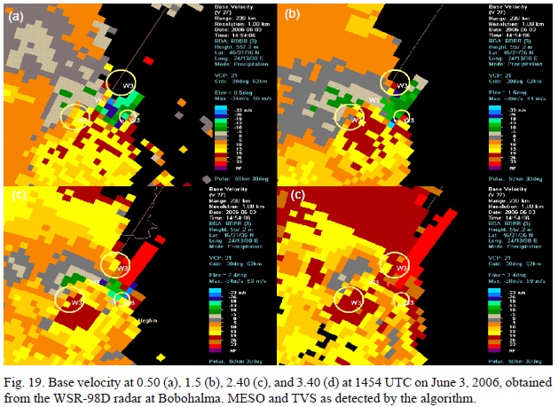 Advances in computer and radar technology, coupled with a dramatic increase in meteorological data sets, were not the only challenges to the forecasters. New conceptual models had to be learned and assimilated in operational practice as S-band radar allows the detection of severe weather associated with convective storms. Thus, mesocyclones (MESO), tornadic vortex signatures (TVS), low level and mid altitude convergence zones, became nolens volens usual terminology in nowcasting activities, despite a general belief that tornadic storms did not occur in Romania. Observing convection in Romania through the new S-band radar network provides a sharper perspective on mesoscale environments and the storms these environments create. Highly organized convective systems, such as supercells, can be better anticipated using useful radar pattern recognition software routines such as the MESO (Stumpf et al., 1998) and the TVS (Mitchell et al., 1998) algorithms. However, while these algorithms do demonstrate some skill they also are susceptible to radar artifacts and sampling limitations. Moreover, they sometimes fail to detect critical signatures that may be subtle or fail to meet certain thresholds. For this reason the meteorologist must carefully examine the base data, so as to evaluate potential signature existence or non-existence.
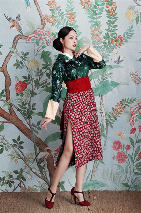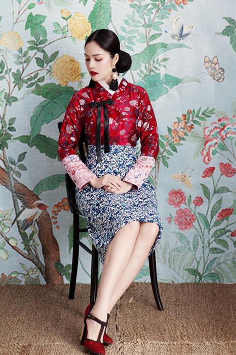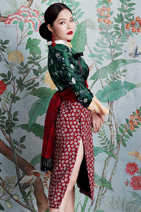 Ở phong cách cách tân, Dương Cẩm Lynh vận phục trang với phần thân áo được thiết kế nhiều nét tương đồng với Hanbok – Quốc phục của Hàn Quốc. Thế nhưng, từ eo trở xuống, bộ trang phục lại mang hơi hướm của Sườn Xám – một nét đặc trưng của văn hóa Trung Quốc, với phần chân váy xẻ tà cao. Trong một thiết kế cách tân khác, người đẹp sinh năm 1982 diện áo dài vạt ngắn, kết hợp cùng quần lụa đen khoe vóc dáng ‘mình hạc xương mai’. Không thể thiếu một thiết kế truyền thống trong bộ ảnh, nữ diễn viên ‘Ải mỹ nhân’ thả dáng trong bộ áo dài chất liệu nhung được thêu nổi họa tiết hoa đào trên tà áo. Ở bất cứ phong cách nào, Dương Cẩm Lynh đều thể hiện trọn vẹn vẻ nền nã, dịu dàng nhưng không kém phần rực rỡ, sang trọng.
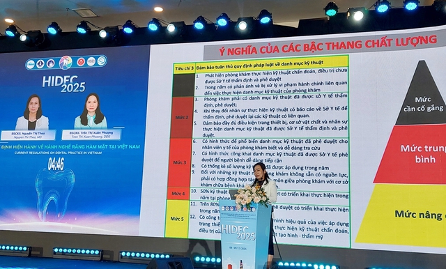 Tại phiên chuyên đề Hội nghị khoa học và Triển lãm Răng Hàm Mặt quốc tế TPHCM lần thứ III - HIDEC 2025 ở TPHCM, hai chuyên gia thuộc Sở Y tế TPHCM, BS.CKII Nguyễn Thị Thoa - Trưởng phòng Nghiệp vụ Y và BS.CKII Trần Thị Xuân Phượng - Quyền Trưởng phòng Kiểm tra – Pháp chế, đã trình bày báo cáo "Cập nhật quy định mới trong hành nghề khám chữa bệnh Răng Hàm Mặt".

▶ [What the exercise asks] Every line above is to be returned exactly, with its pictures removed.

▶ [Output for this task]
 Advances in computer and radar technology, coupled with a dramatic increase in meteorological data sets, were not the only challenges to the forecasters. New conceptual models had to be learned and assimilated in operational practice as S-band radar allows the detection of severe weather associated with convective storms. Thus, mesocyclones (MESO), tornadic vortex signatures (TVS), low level and mid altitude convergence zones, became nolens volens usual terminology in nowcasting activities, despite a general belief that tornadic storms did not occur in Romania. Observing convection in Romania through the new S-band radar network provides a sharper perspective on mesoscale environments and the storms these environments create. Highly organized convective systems, such as supercells, can be better anticipated using useful radar pattern recognition software routines such as the MESO (Stumpf et al., 1998) and the TVS (Mitchell et al., 1998) algorithms. However, while these algorithms do demonstrate some skill they also are susceptible to radar artifacts and sampling limitations. Moreover, they sometimes fail to detect critical signatures that may be subtle or fail to meet certain thresholds. For this reason the meteorologist must carefully examine the base data, so as to evaluate potential signature existence or non-existence.
 Ở phong cách cách tân, Dương Cẩm Lynh vận phục trang với phần thân áo được thiết kế nhiều nét tương đồng với Hanbok – Quốc phục của Hàn Quốc. Thế nhưng, từ eo trở xuống, bộ trang phục lại mang hơi hướm của Sườn Xám – một nét đặc trưng của văn hóa Trung Quốc, với phần chân váy xẻ tà cao. Trong một thiết kế cách tân khác, người đẹp sinh năm 1982 diện áo dài vạt ngắn, kết hợp cùng quần lụa đen khoe vóc dáng ‘mình hạc xương mai’. Không thể thiếu một thiết kế truyền thống trong bộ ảnh, nữ diễn viên ‘Ải mỹ nhân’ thả dáng trong bộ áo dài chất liệu nhung được thêu nổi họa tiết hoa đào trên tà áo. Ở bất cứ phong cách nào, Dương Cẩm Lynh đều thể hiện trọn vẹn vẻ nền nã, dịu dàng nhưng không kém phần rực rỡ, sang trọng.
 Tại phiên chuyên đề Hội nghị khoa học và Triển lãm Răng Hàm Mặt quốc tế TPHCM lần thứ III - HIDEC 2025 ở TPHCM, hai chuyên gia thuộc Sở Y tế TPHCM, BS.CKII Nguyễn Thị Thoa - Trưởng phòng Nghiệp vụ Y và BS.CKII Trần Thị Xuân Phượng - Quyền Trưởng phòng Kiểm tra – Pháp chế, đã trình bày báo cáo "Cập nhật quy định mới trong hành nghề khám chữa bệnh Răng Hàm Mặt".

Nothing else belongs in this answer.